Dear Paris Pamfilos,

[PP]: On the sides of an oriented triangle define A' on BC, B' on CA, C' on AB
s.t. BA' = CB' = AC' = k const. The 3 circles (A'B'C), (B'C'A), (C'A'B) pass
through a point P, which, as k varies, describes a circle passing through
one Brocard point V. Doing the same with the other orientation of the
triangle, you get another point Q, describing another circle through the
other Brocard point V'. What are these circles? Are they known? Are their
centers and radii easily expressible through the triangle's data?

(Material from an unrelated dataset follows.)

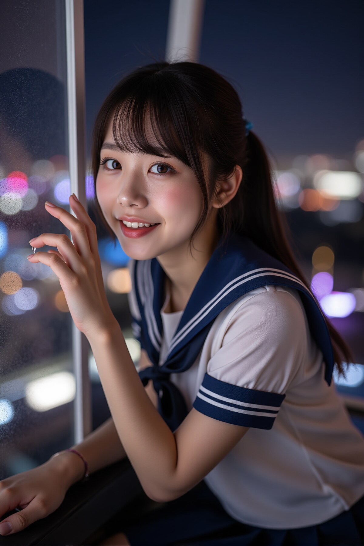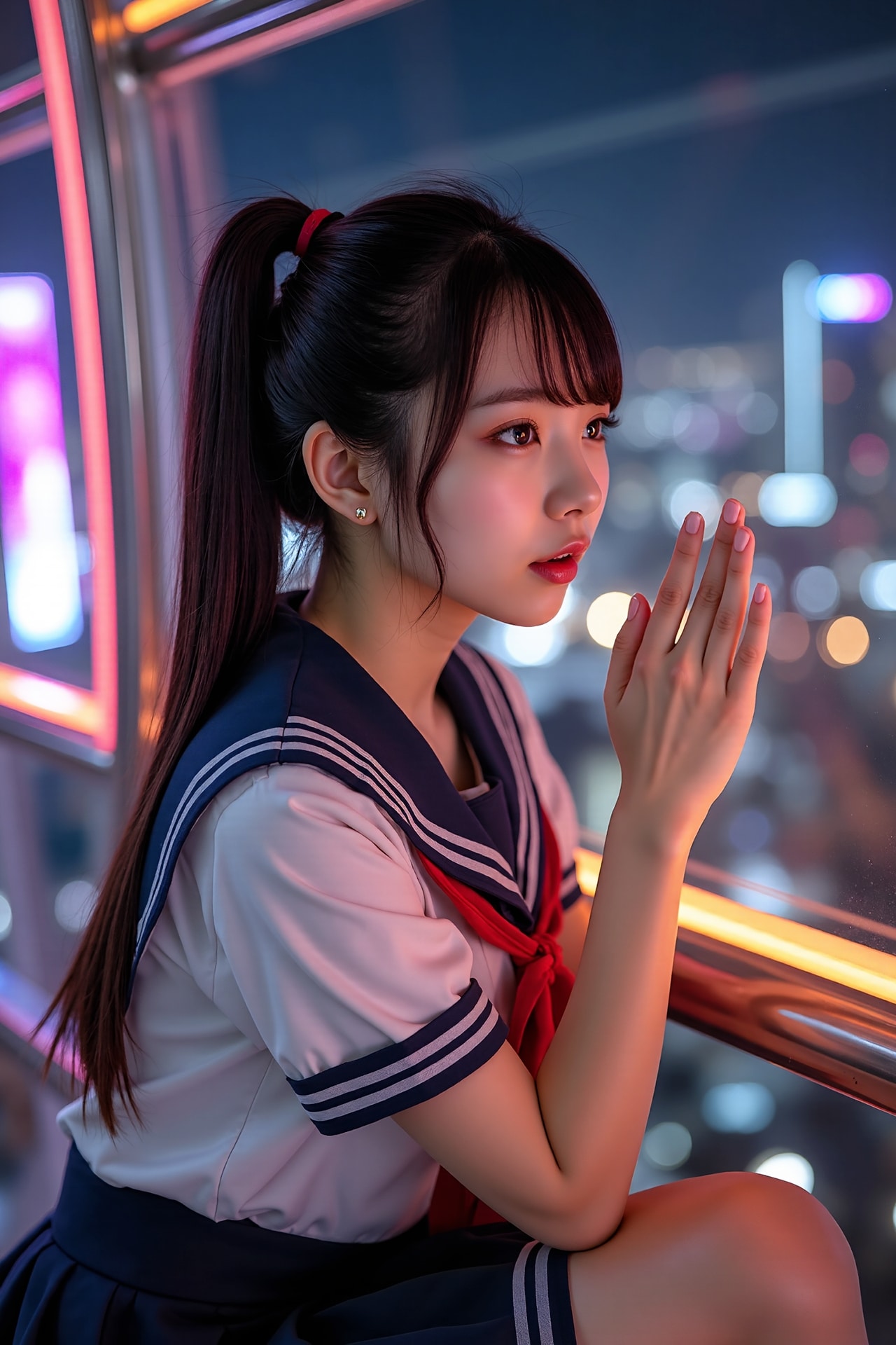 観覧車内と洗車?内の舌村みらいです!年齢とJK制服でソレっぽいかな😄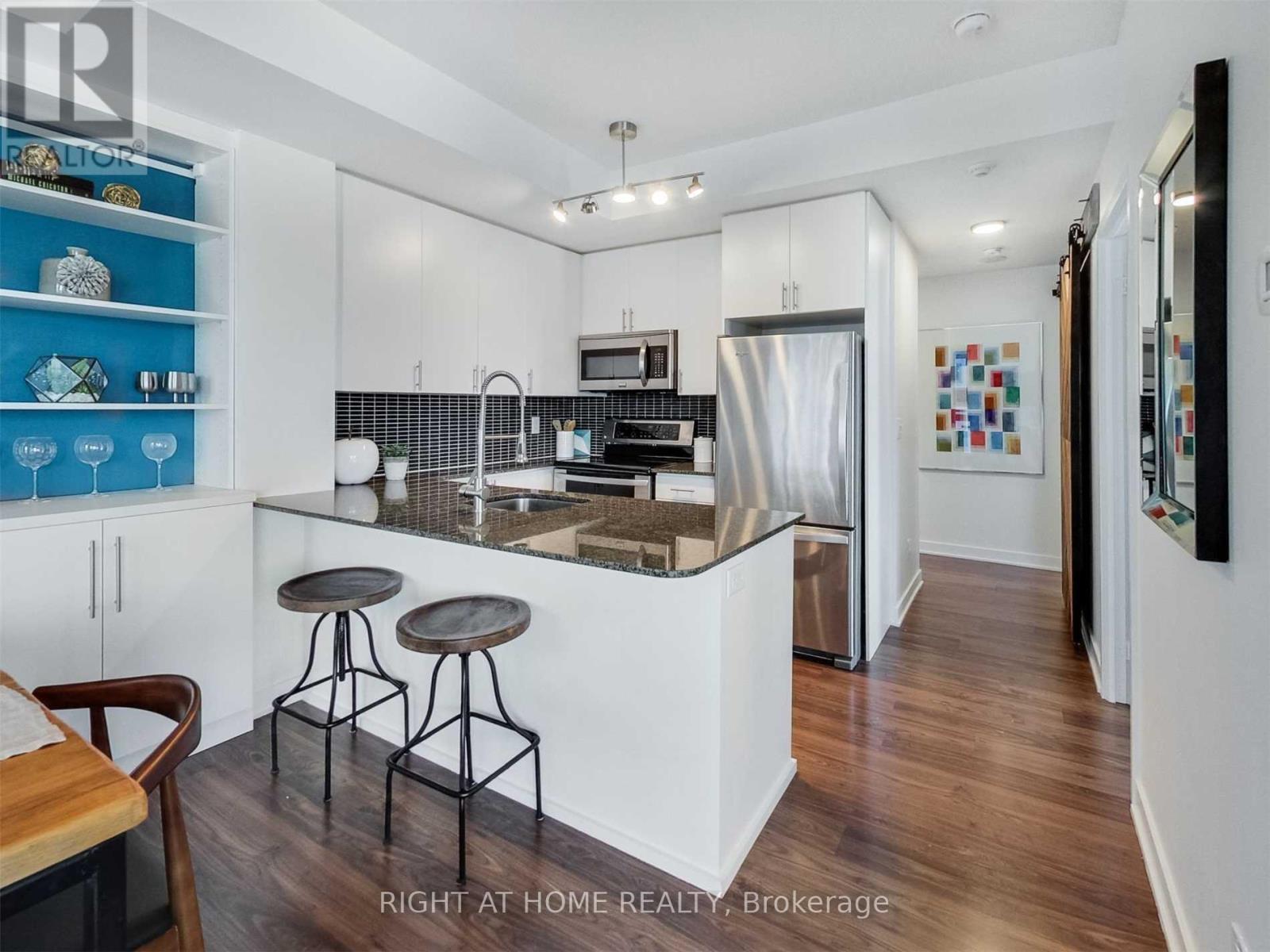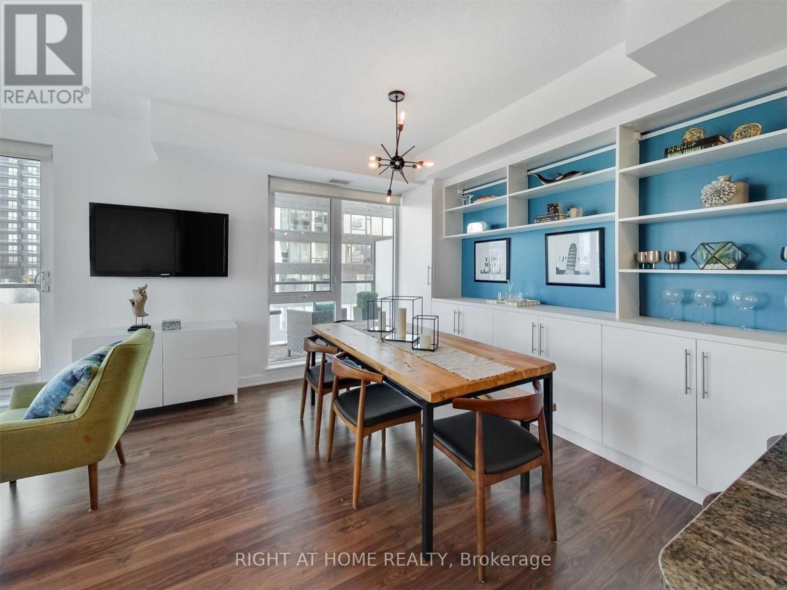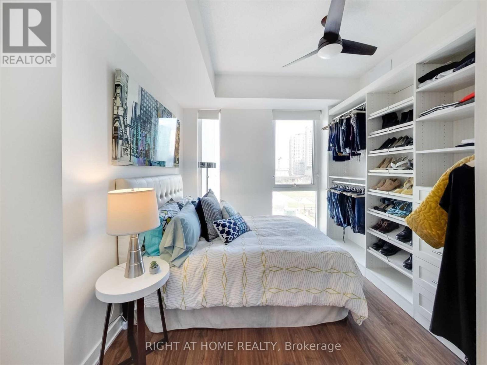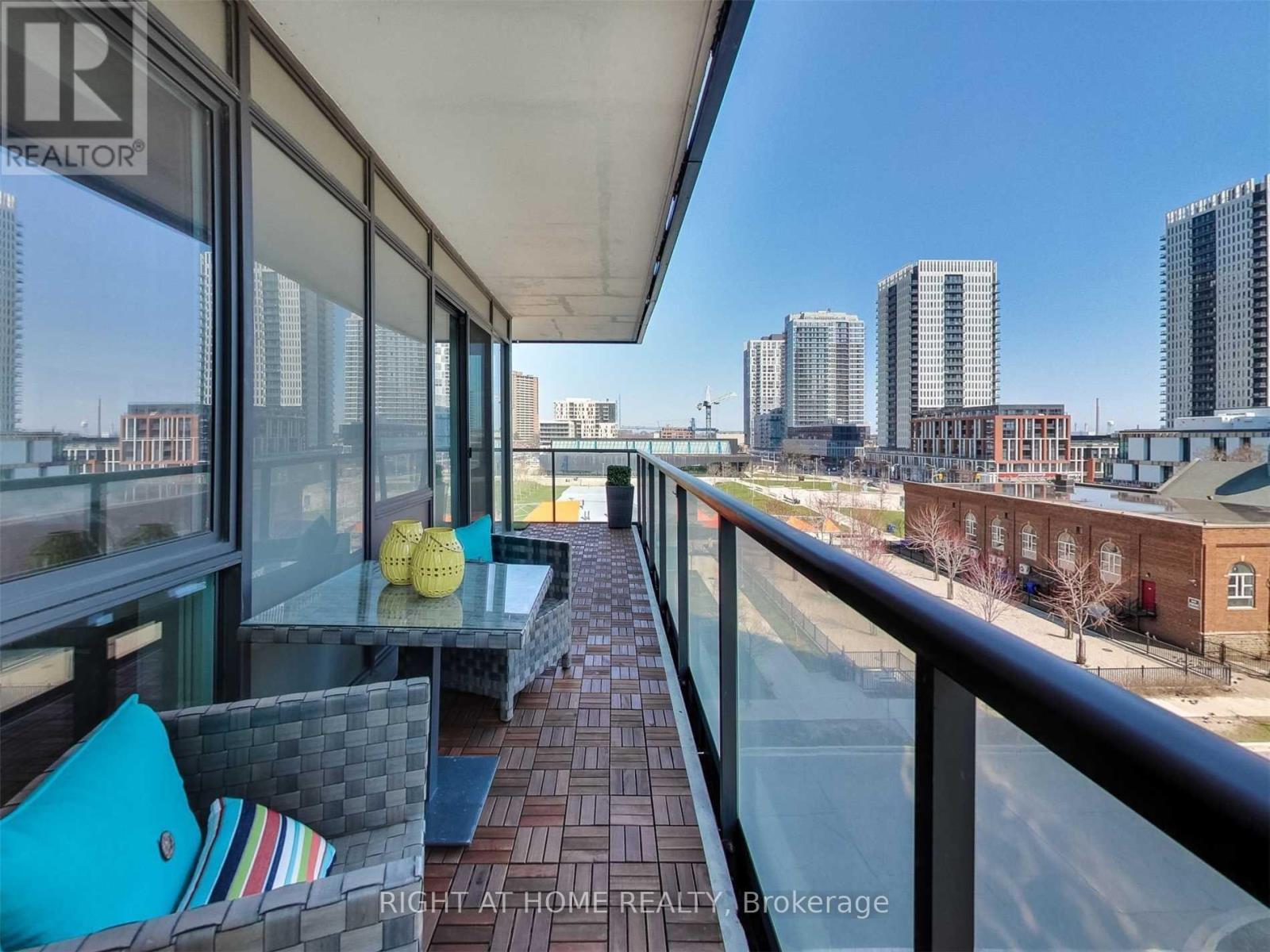 Bright & Spacious 2 Bedroom + Large Den (Easily a 3rd Bedroom, TV Room, or Home Office). Enjoy panoramic southeast views overlooking a beautiful park from your ~200 sq ft wraparound terrace-perfect for morning coffee or sunset lounging or gatherings. This sun-drenched suite features floor-to-ceiling windows, 9-ft ceilings, and a thoughtfully designed open-concept layout with generous living and dining space and a walkout to the terrace. The modern kitchen offers stainless steel appliances, granite countertops, and ample storage. You'll love the custom-built-in shelving in every closet, providing incredible storage throughout the unit. Stylish finishes include a sliding barn door that adds character and function. Residents enjoy access to a stunning rooftop terrace and premium amenities. Unbeatable location-steps to transit, groceries, restaurants, and quick highway access.This is city living with space, light, and views-don't miss it. (id:64974)

*** In homogeneous barycentric coordinates, the intersection of the three
circles
(A'B'C), (B'C'A), (C'A'B) is the point

( a(c^2a - (c^2+ca+a^2)k + (a+b+c)k^2)
: b(a^2b - (a^2+ab+b^2)k + (a+b+c)k^2)
: c(b^2c - (b^2+bc+c^2)k + (a+b+c)k^2)).

As k varies, this traverses the circle

(a+b+c)(a^2yz+b^2zx+c^2xy) - (a+b+c)(bc^2x+ca^2y+ab^2z) = 0.

This circle clearly passes through the Brocard point
V = (1/b^2 : 1/c^2 : 1/a^2) as you mentioned. It also passes through the
incenter
I = (a : b : c) [for k = infinity].

The center of the circle is the point

(a(a^3-2ab^2+b^3-a^2c+abc-b^2c)
:b(b^3-2bc^2+c^3-b^2a+abc-c^2a)
:c(c^3-2ca^2+a^3-c^2b+abc-a^2b)).

The circle in the other orientation can be similarly written down.
It is clear that this second circle also passes through the incenter, and has
equation

(a+b+c)(a^2yz+b^2zx+c^2xy) - (a+b+c)(b^2cx+c^2ay+a^2bz) = 0.

Apart from the incenter, the two circles should have another intersection
which is also a triangle center. In fact, the radical axis of the two
circles is the line

bc(b-c)x + ca(c-a)y + ab(a-b)z = 0

which contains the centroid G and the symmedian point K = (a^2 : b^2 : c^2).

The second common point of the circles has coordinates

(a(a^4-a^3(b+c)-a^2bc+2abc(b+c)-bc(b^2+c^2): ... : ...).

This triangle center does not appear in ETC.

The value of k that gives this point as a point on the FIRST circle is

k = (a^3b+b^3c+c^3a-abc(a+b+c))/((a+b+c)(a^2+b^2+c^2-ab-bc-ca)).

Best regards
Sincerely
Paul Yiu